Qualitative data on the two open-ended questions were explored using thematic analysis. OpenCode 4.03 was utilised to facilitate systematic analysis of the data to saturation using iterative coding (ICT Services and System Development and Department of Epidemiology and Global Health, 2015)
Results
Respondents
A total of 340 patients completed the survey within the study timeframe, giving a 5.3% margin of error. Not all respondents answered all questions, including demographic information. We do not know how many patients were invited to participate, nor how many surveys were distributed. The mean age of responders was 44.8 (16.3). 171 (52.8%, n = 324) were female, and 255 (75.2%, n = 339) were seen in an outpatient setting. The majority, 256 (75.7%, n = 338) had encountered medical students in the past. Summaries of demographic details were similar across the two main catchment areas apart from age. Patients in the Waterford catchment area were significantly older (mean age 47.9 vs 39.0, p < 0.05). Full demographic details are listed in Table 1.
n, number of respondents; SD, standard deviation; t, Student’s t-test; p, p-value; χ2, chi-squared test.
In terms of missing data, this varied from as low as 0.3% (n = 1) for inpatient/outpatient location up to 7.6% (n = 26) for age. For the qualitative analysis, 128 (38%) patients answered the open-ended questions. 75.7% (n = 256) of the respondents had met a medical student in a clinical context. Fig. 1 shows mean Likert scale scores with 95% CI for the twelve questions included in the survey.

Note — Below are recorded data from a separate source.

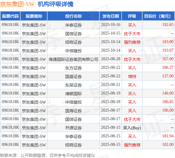 投行对该股的评级以买入为主,近90天内共有8家投行给出买入评级,近90天的目标均价为176.5港元。华泰证券最新一份研报给予京东集团-SW买入评级,目标价192.65港元。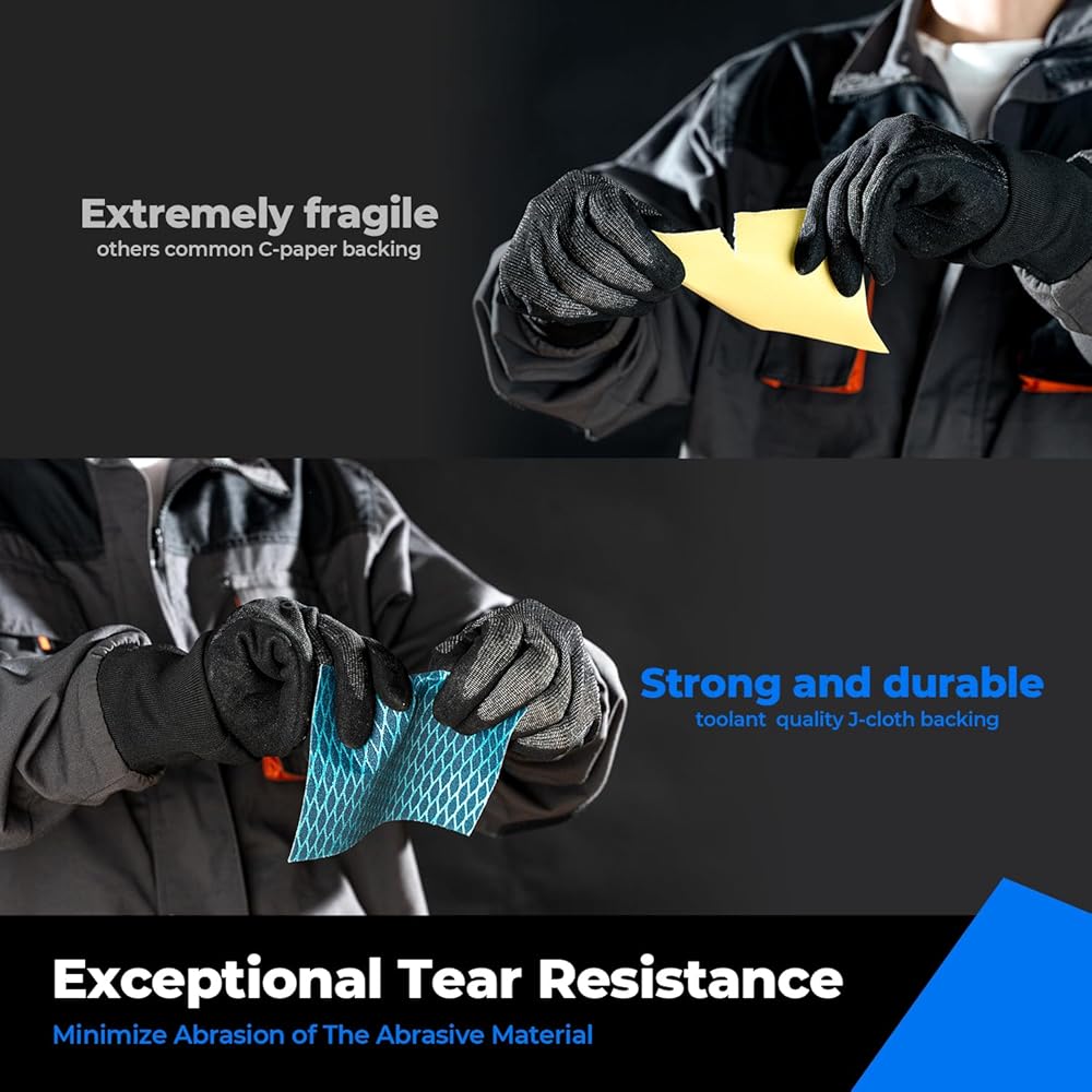 【عمر طويل جدًا】مقارنة بأقراص دعم الورق C من العلامات التجارية الأخرى، تزيد دعامة القماش عالية التحمل من قوة مقاومة التمزق 6 مرات ويمكن أن تقلل من تآكل المواد الكاشطة.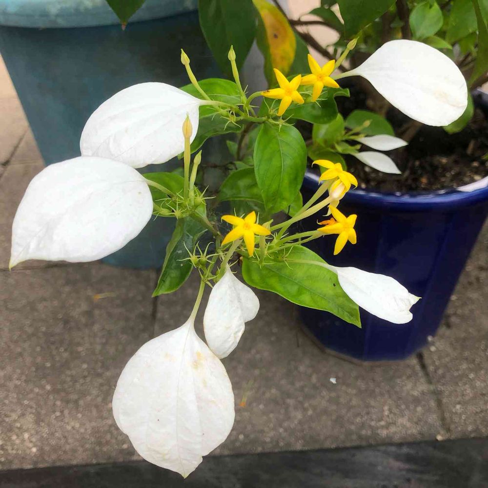 黄色⭐️が花で、白い葉は がく苞なんですね

Comfort levels towards medical student participation
Patients had positive attitudes towards student participation, but preferred passive participation. 73.3% (n = 249) agreed that they were comfortable with students present. This fell to 60.3% (n = 205) when the student asked questions with another doctor present and fell further to 41.8% (n = 142) when the student asked questions independently.
Regarding comfort levels based on gender of the medical student, there were no major differences. 72.6% (n = 246) agreed that they were comfortable with the presence of a male medical student, which increased slightly to 77.6% (n = 263) if the student was female. 65% (n = 221) agreed that they were comfortable if the medical student appeared very young. Mean scores for the group are listed in the second column in Table 2.

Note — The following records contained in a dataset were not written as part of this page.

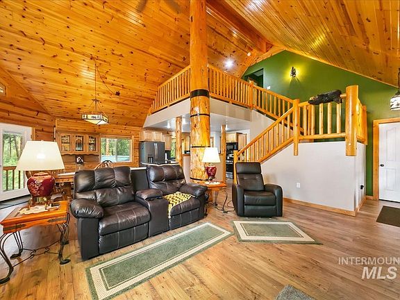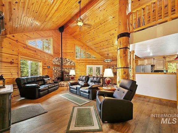 Absolutely stunning Duquette Pines home set in a cul-de-sac on over 2 extraordinary acres. New laminate flooring spans the entertaining spaces and the vaulted great room features breathtaking floor to ceiling tongue and groove as well as massive log accents. Spectacular views from the deck and featuring new flooring throughout as well as granite kitchen counters, toilets, vanities, plumbing fixtures, double doors, ceiling fans, wood shutters, interior paint and complete exterior stain. The upstairs hosts a loft area and the generous primary suite with a beautiful bathroom and large walk-in closet. Downstairs you will find a large entertainment area with a full bathroom, lots of storage and the giant shop area with its own HVAC system. Duquette Pines is a private gated community set in an incredible location with roads that are well maintained throughout the entire year for easy access. The home is also generator ready!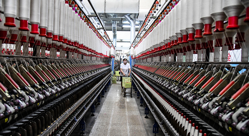2月12日,工人在河南省济源市欣天纺织有限公司的生产线上作业。新华社发(苗秋闹 摄)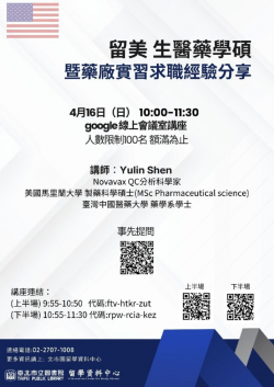 臺北市立圖書館留學資料中心於4月16日(日)10時邀請畢業於美國馬里蘭大學製藥科學研究所Yulin Shen講師,介紹留學動機與計畫申請、學校特色、在校打工分享、美國大華府區生醫藥產業概況、Astra Zeneca產學實習經驗、畢業後求職與Novavax工作心得等資訊。 美國馬里蘭大學(University of Mar...... [閱讀更多]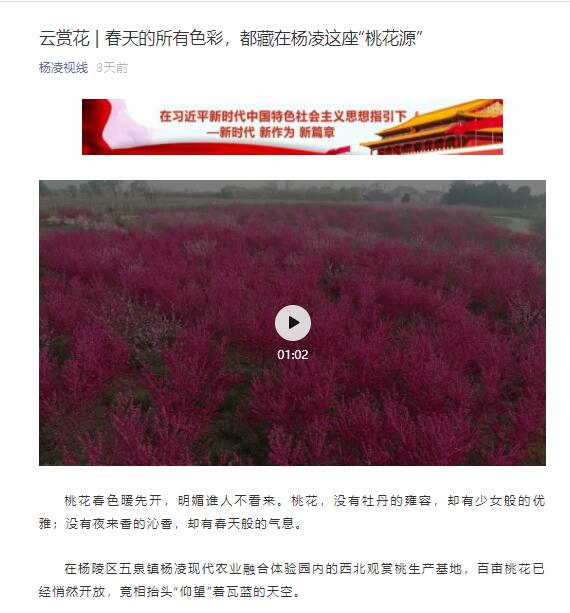 记者了解到,这座桃花园其实是座“桃花源”,南方北方众多公园、植物园中的观赏桃花都源自这里,春天里,杨凌科技在全国绽放出醉人色彩。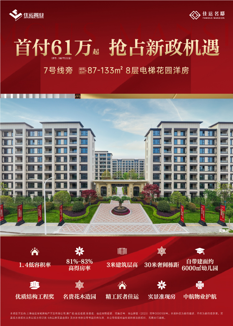 佳運名邸位于北上海,容積率僅1.4低密度、僅8層花園洋房,居住舒適度高,遠比高層房屋更適合居住。應急疏散方便,私密性好,人均占地面積大,優(yōu)秀房型、一梯二戶沒有連廊,81%-83%高得房率、東西面寬大、幢距達30米、優(yōu)質(zhì)工程、高端綠化景觀、層高高、實景現(xiàn)房,這些都是絕無僅有的硬核優(yōu)勢。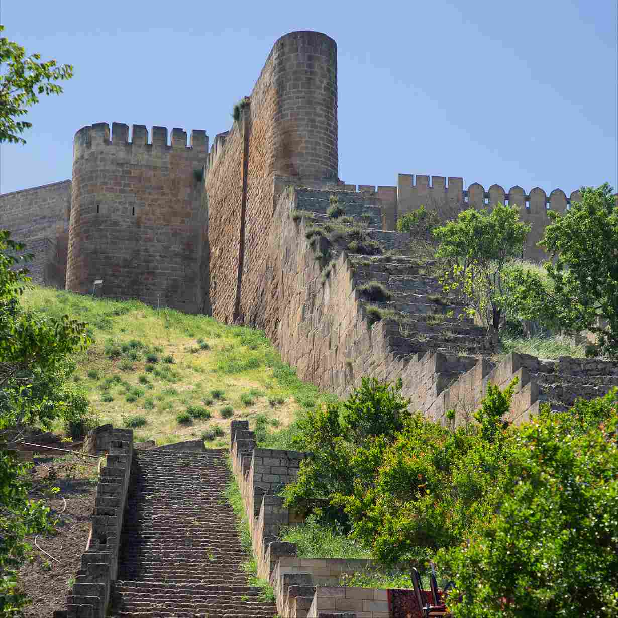 ولعل عينك لن تخطئ قلعتها الشامخة المشرفة على باقي أحيائها من علٍ، والتي تستقبل بحر قزوين وكأنها مارد يحرس زرقة مياهه المتلألئة عبر الزمن، إنها قلعة نارين بحجارتها الصفراء وأسوارها السميكة والممتدة لنحو أربعين كيلو متراً والتي كانت وما تزال شاهدة على قصص ووقائع تاريخية غيرت مسار التاريخ في معظم حواضر شمال القوقاز عبر القرون.

OLR: Ordinal Linear Regression; OR: Odds Ratio.
Ordinal logistic regression was used to analyse any differences in reported comfort levels based on patient gender, study site, inpatient vs outpatient location, previous contact with medical students and age in the model. In terms of comfort levels, the analysis showed no effect of patient gender or whether they were an inpatient or outpatient. Older patients, and those from the Waterford study site, reported higher comfort levels with medical students in general. Patients who had previous exposure to medical students also indicated higher comfort levels on some medical student factors, such as comfort levels on meeting a medical student of either gender or who appeared young, see Table 2 for details.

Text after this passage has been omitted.